Carmen
del Puerto Varela

«El perfume del tiempo»

“EL PERFUME DEL TIEMPO”. Finalizaba un siglo cuando leí “Pequeñas infamias”, la sátira mordaz con la que Carmen Posadas ganó el Premio Planeta en 1998. Yo ya era sensible a las violaciones sistemáticas de derechos humanos y al terrorismo de Estado que se practicaba en las dictaduras militares del Cono Sur, durante las últimas décadas de la Guerra Fría y bajo el paraguas de la Operación Cóndor. Había visto la película “Missing” (1982), el magistral thriller político de Costa-Gavras basado en hechos reales y protagonizado tan convincentemente por Jack Lemmon y Sissi Spacek. Y ya sabía de los llamados “Traslados”, eufemismo de los “Vuelos de la muerte” o método de exterminio con que los militares argentinos hacían desaparecer los cuerpos de los detenidos arrojándolos al mar, desnudos y drogados, desde aviones de la Armada.

La novela de la escritora uruguaya, nacionalizada española, me demostró una vez más que las «infamias» de la dictadura argentina no fueron precisamente «pequeñas». El robo o “apropiación” de niños fue una estrategia diseñada no solo para eliminar la descendencia de los opositores políticos. Se estima que fueron unos 30.000 los presos desaparecidos y unos 500 los bebés que, con otra identidad, fueron entregados ilegalmente a familias vinculadas al régimen.

Hasta la fecha, las Abuelas de Plaza de Mayo, que ya desistieron de encontrar a sus hijos, siguen buscando sin tregua a sus nietos: 140 ya han sido identificados gracias a las pruebas de ADN. Como abuela que soy, entiendo la necesidad de tan legítima búsqueda y admiro la perseverancia de estas mujeres que tanto han sufrido por aquellas atrocidades. Forzosas sustracciones que no solo tuvieron lugar al otro lado del Atlántico. También, durante el Franquismo y la Transición en nuestro país hubo casos de menores arrebatados a sus madres biológicas con la complicidad de personal médico y sanitario, así como de religiosos y funcionarios, que convirtieron el secuestro infantil en un lucrativo negocio. Así lo han testimoniado algunas producciones audiovisuales españolas.

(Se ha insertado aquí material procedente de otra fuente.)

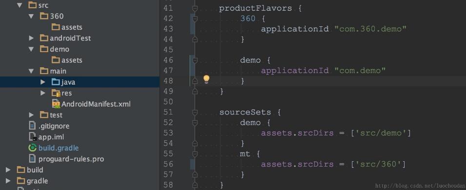 测试发现,这种方式并不奏效——assets目录仍然在main目录下,默认的仍然是一个文件夹(360或者demo)下的内容作为最终打包的资源,并没有根据版本区分开来。
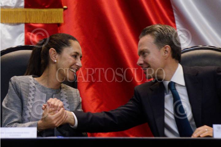 CIUDAD DE MÉXICO, 31ENERO2023.- Claudia Sheinbaum, jefa de Gobierno, participó en la Cuarta Reunión Plenaria del Grupo Parlamentario del PVEM realizada en el salón Legisladores de la República de la Cámara de Diputados. Estuvieron presentes: Karen Castrejón, dirigente nacional del Partido Verde Ecologista de México (PVEM); Carlos Puente, diputado y coordinador del PVEM; Manuel Velasco, senador y coordinador del PVEM y Rogelio Ismael Zamora, senador del PVEM. FOTO: MARIO JASSO/CUARTOSCURO.COM
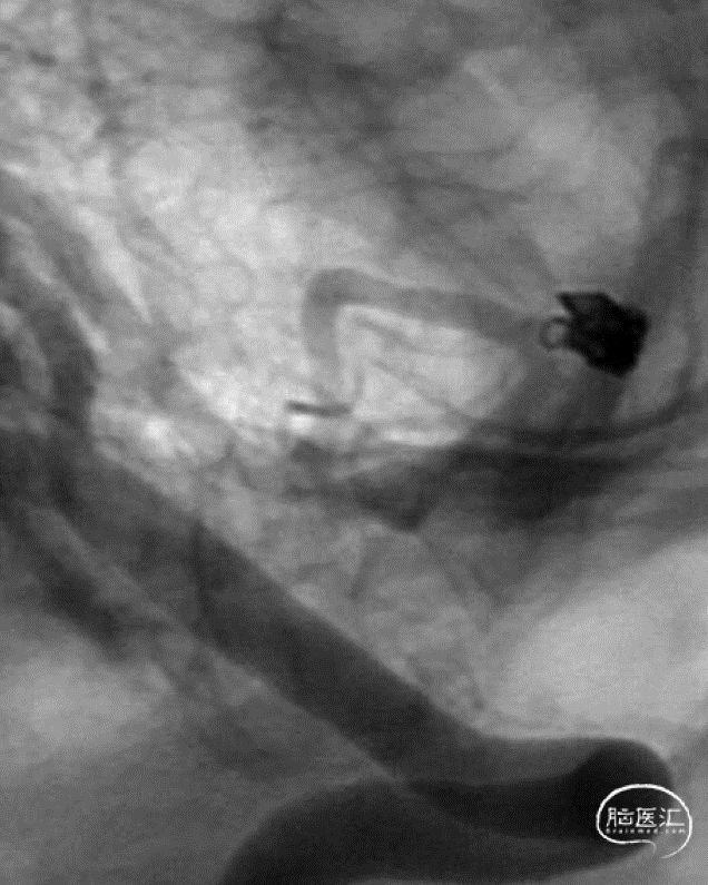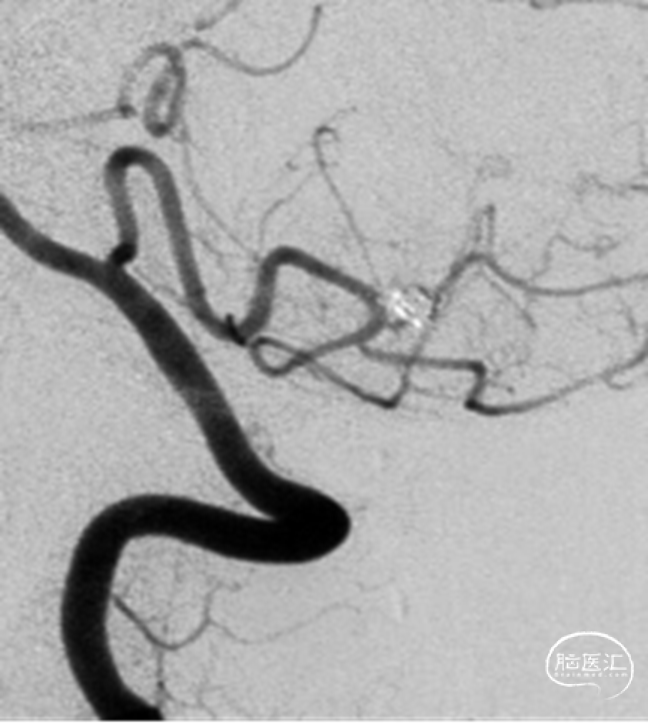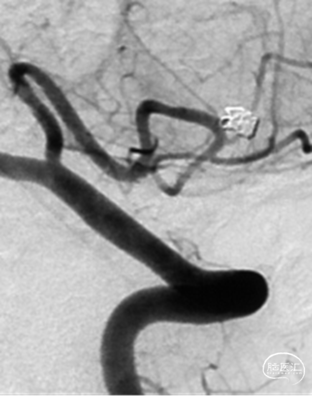 45岁女性患者,突发后枕部疼痛伴有恶心呕吐3小时。造影显示小脑后下动脉动脉瘤,术中给予单纯弹簧圈栓塞及载瘤动脉闭塞术。
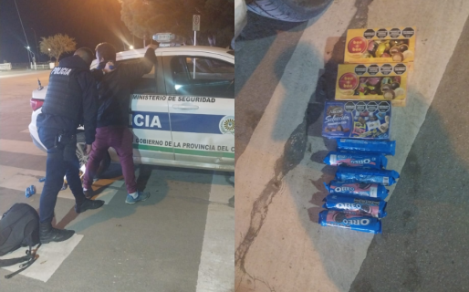 Ante la presunción de que podía haber sustraído productos, los uniformados descendieron del móvil e interceptaron al sujeto, identificado como A.E.V, de 33 años, quien posee antecedentes delictivos conocidos. Al efectuarle un palpado superficial, se le cayeron tres cajas de bombones y seis paquetes de galletitas Oreo, que no habían sido abonados.
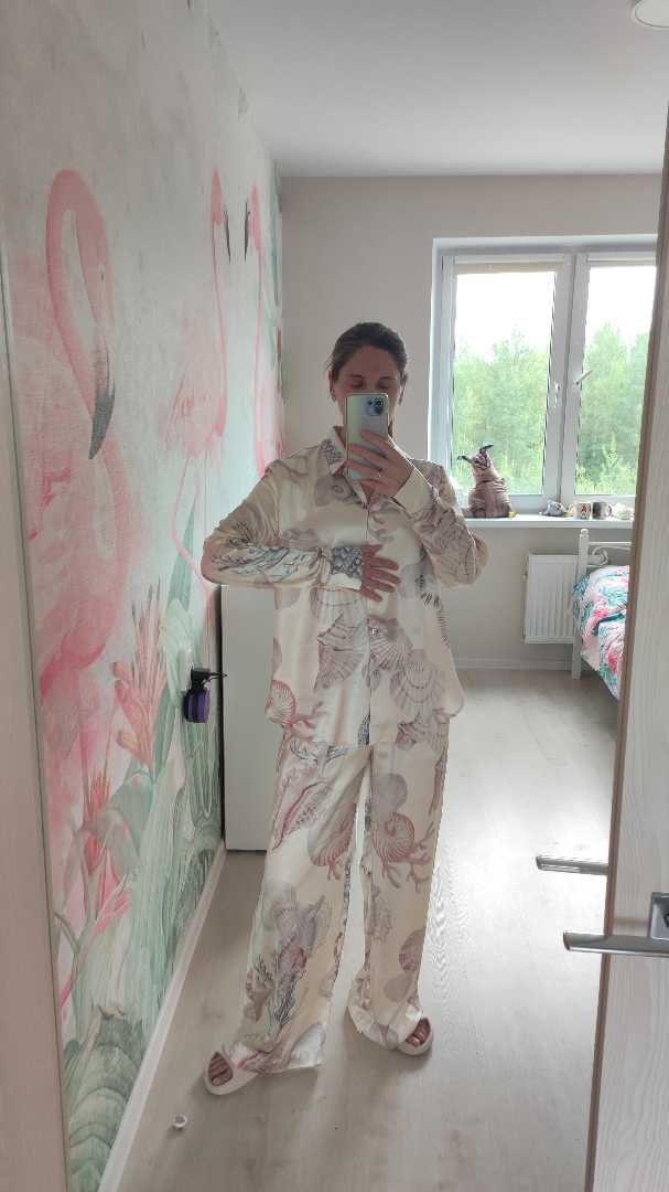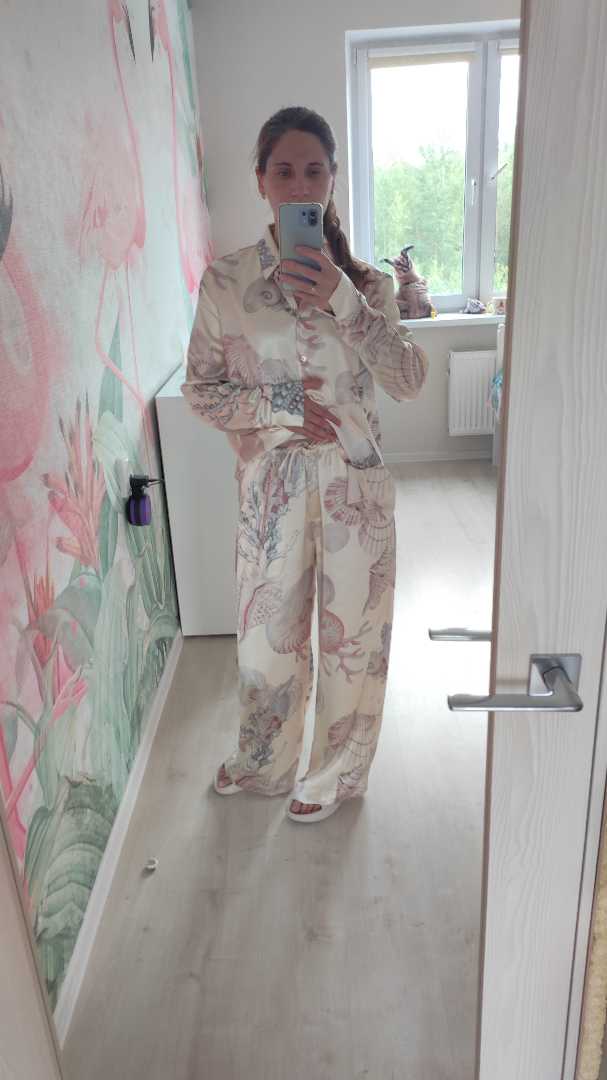 Брала комплект с ракушками, мне очень понравился, ткань указана чистый полиэстер , но очень плотный, приятный на ощупь и в носке, за счет оверсайз кроя не жаркий, милые пуговички-ракушки,брюки на рост 168 длиноваты, но подложила сама на 3 см и норм, брала на 42 верх размер 44 рубашки и на 44 низ брюки 44 размера
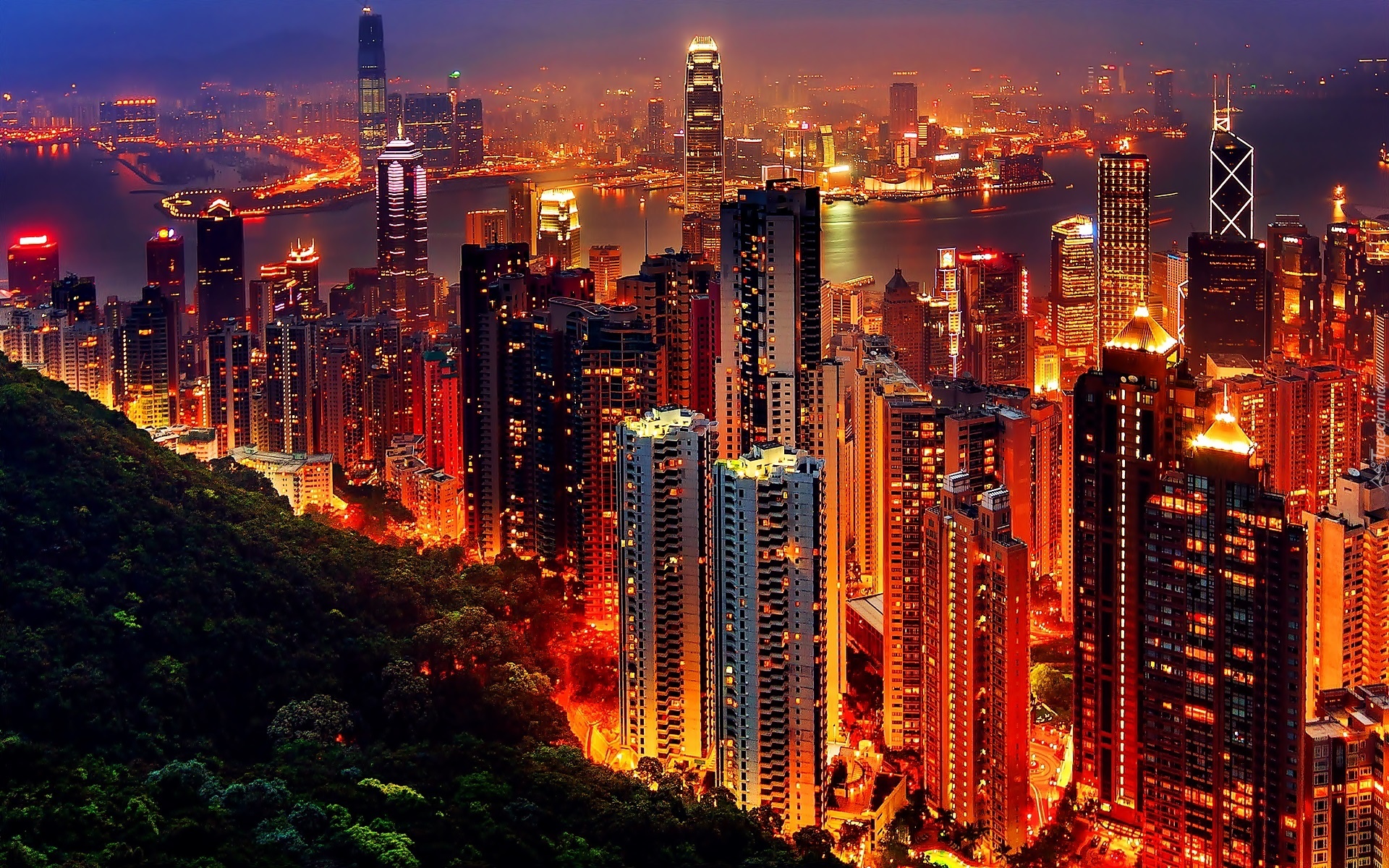 Edytor tapety: Drapacze, Chmur, Hong Kong, Panorama, Miasta, Nocą
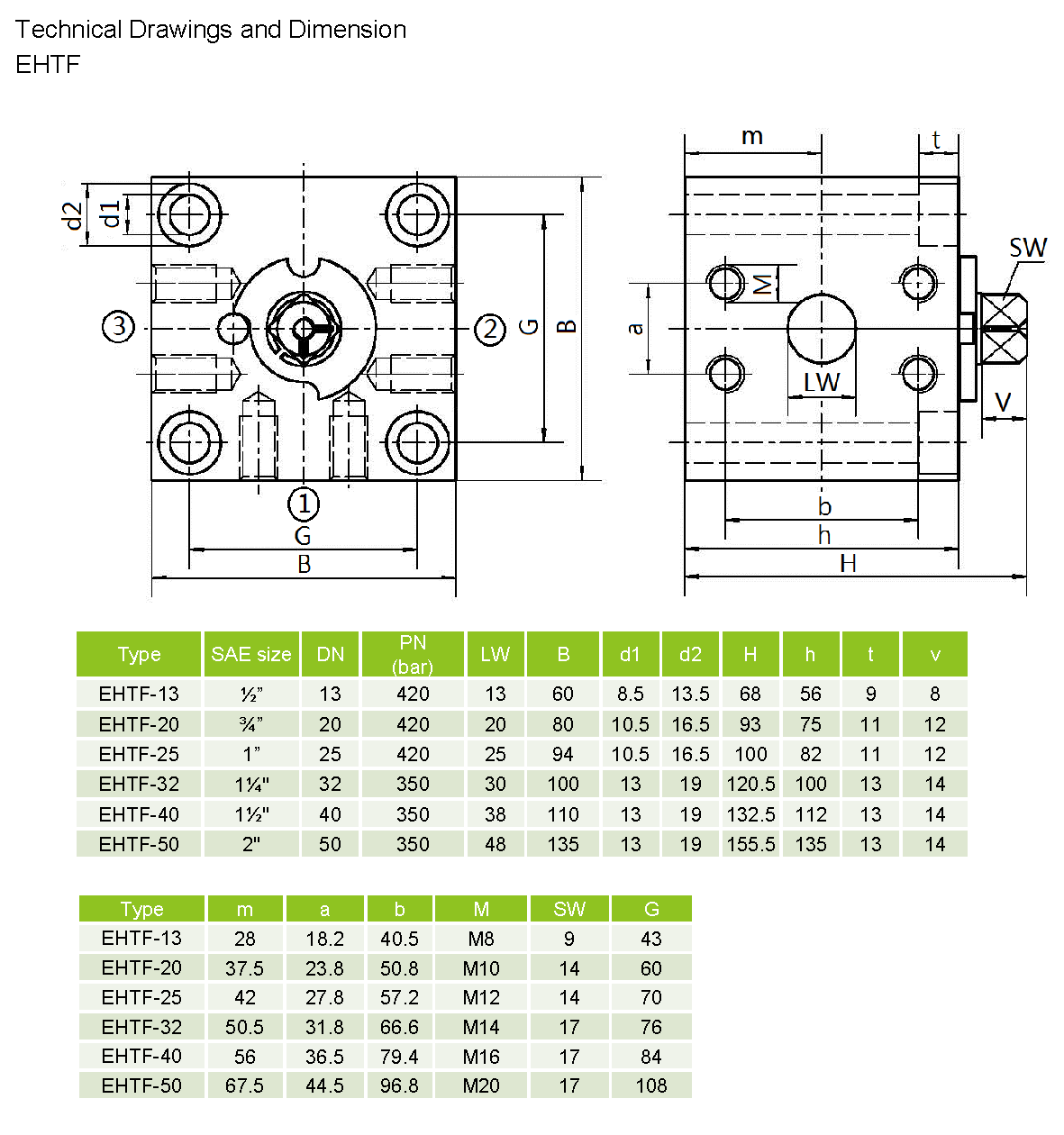 Flange dimensions: ISO 6162, tables 2 (SAE J 518C)
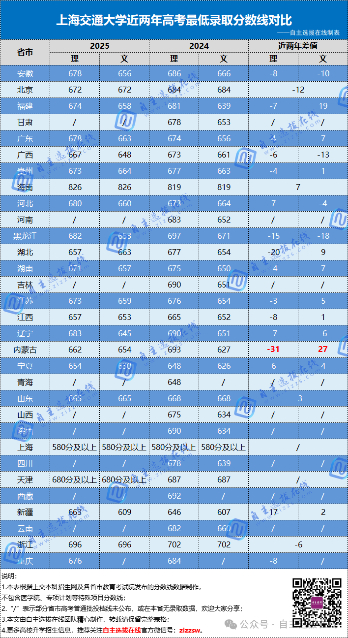 自主选拔在线团队汇总整理了上海交通大学近两年高考本科一批最低录取分数线对比,供考生家长参考。

Con “El perfume del tiempo” no solo he vuelto a reflexionar sobre la hipocresía, la barbarie y los crímenes de la humanidad. Gracias a la magia del teatro, que te permite experimentar realidades ajenas, he comprendido el trauma emocional que supone el descubrimiento de una adopción ilícita y el conflicto de lealtades que genera en los afectados el deber ético y moral de denunciar a sus padres adoptivos como “cooperadores necesarios” en tan vergonzosas conductas.

Mafalda y yo vimos recientemente esta obra de teatro en el municipio de El Sauzal (Teatro El Sauzal), en Tenerife. El personaje de Quino, una niña siempre idealista e irónica, tan contestataria frente a las injusticias sociales, también aplaudió esta puesta en escena de Chema Cardeña (Arden Producciones) que tan brillantemente interpretaron sus cuatro actores: Juan Carlos Garés, Iria Márquez, Manuel Valls y Marisa Lahoz. Por ello, mi agradecimiento y mi enhorabuena a todo el equipo.